I think that one of the things that confuses and irritates people is that he is so confident, so absolutely centered, that he sees no need for gravitas or seriousness. He has no hesitations, no doubts. He’s free to be in the moment, to just live. He also, subtly, is even more the Wise Counselor than Gandalf; the difference is that he won’t leave his center of power. But he’s older, and knows more, and has more authority.

As for Sam being resistent to Old Man Willow, I’ve always taken that as a sign of his *solidity*. He may not be terribly imaginative, but he’s also very hard to *fool*. *He’s* not the one who follows the lights in the Dead Marshes. I sort of always assumed that he just wasn’t buying the soft murmers of sleep and rest.

CarolKimball
CarolKimball
17 years ago

_Bored of the Rings_ lives on. They knew their history, too. One of my favorite knowingly-ineffective curses is “Hawley Smoot”, which Goodgulf throws at a cavern’s passage door to seal it. It vanishes with a puff (sorry, can’t quote the real words) and the astonished orcs on the other side startle, then pour after Our Friends.

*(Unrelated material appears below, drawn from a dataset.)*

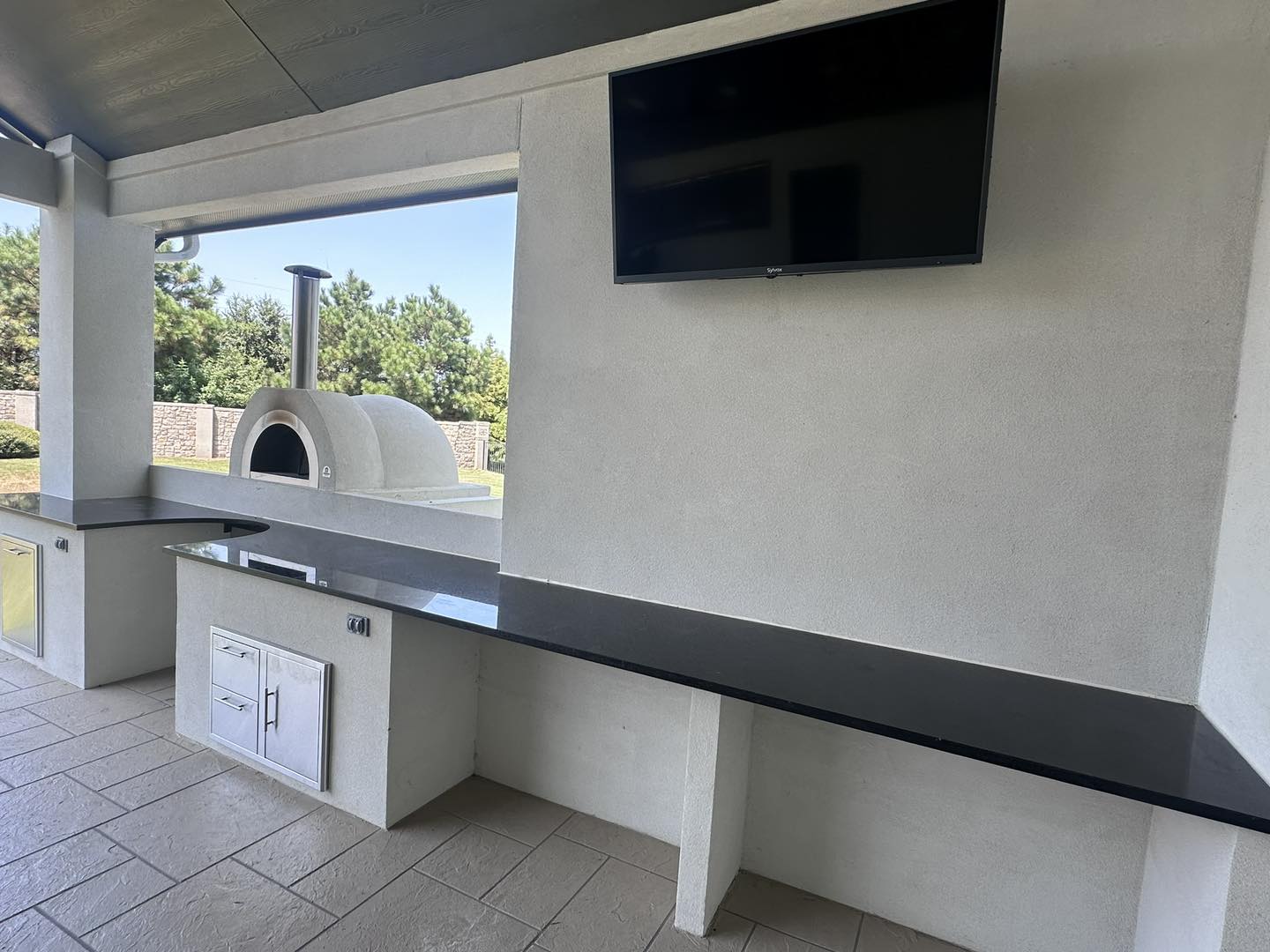 The highlight of this project is the 22’ long pizza oven cooking station, a chef’s dream designed for unforgettable gatherings with family and friends. The space is enhanced with a hand-carved concrete overlay, giving the patio a custom, high-end finish that adds durability and timeless charm.

The Smoot-Hawley Tariff gave a disastrous kick to the Great Depression in the U.S.

Mark Moore
Mark Moore
7 years ago

I can’t stand Tom Bombadil. I’ve gotta put up with him for two more chapters?!

I had to take this chapter in bits. Nothing really happens until toward the end. Did Tolkien really have to describe the scenery in such detail? Seriously, I think half of this chapter could have been cut out – at least.

princessroxana
7 years ago

@39, Me neither. I once wrote a fanfic that necessitated a chapter with Tom. It was downright painful to write.

That said I know there are fans who just adore Tom. Tolkien himself was quite fond of the character. There is no accounting for taste.

princessroxana
7 years ago

Oh it is!!!! It really is, katenepveu.

Ian
Ian
7 years ago

@39, @40: For a long time I felt the same way about Bombadil and would usually skip ahead to Bree. But over my last couple of re-reads I’ve come to appreciate the character and his role in the novel; I think the key is to recognize that while this interlude is mostly irrelevant to the main story—except for a bit of insight into the nature of the Ring’s power, and of course the acquisition of a special weapon that will later turn out to be rather important—Bombadil is an important element of the world building. His existence serves as a reminder that the War of the Ring is not the end-all and be-all of Arda, that despite the relentless focus of Wizards, Elves, and Men on fighting Sauron there are more things in Middle-earth than are dreamt of in their philosophies.

Now, arguably Treebeard serves a bit of that function, and does so in a way that is a bit more directly relevant to the main story (or at least a major subplot). But perhaps the more ‘pure’ otherness of Tom Bombadil was intended to add a bit of that epic/mythological element, hints of a broader world of which LotR is just one story.

wiredog
7 years ago

“Did Tolkien really have to describe the scenery in such detail? “

Oh, but the descriptions of the scenery throughout the books is one of the loveley parts of the worldbuilding.

These chapters are a very nice bridge between the Shire and the rest of the West.  A place to give the hobbits a chance to “level-up” as it were.  Bree does the same.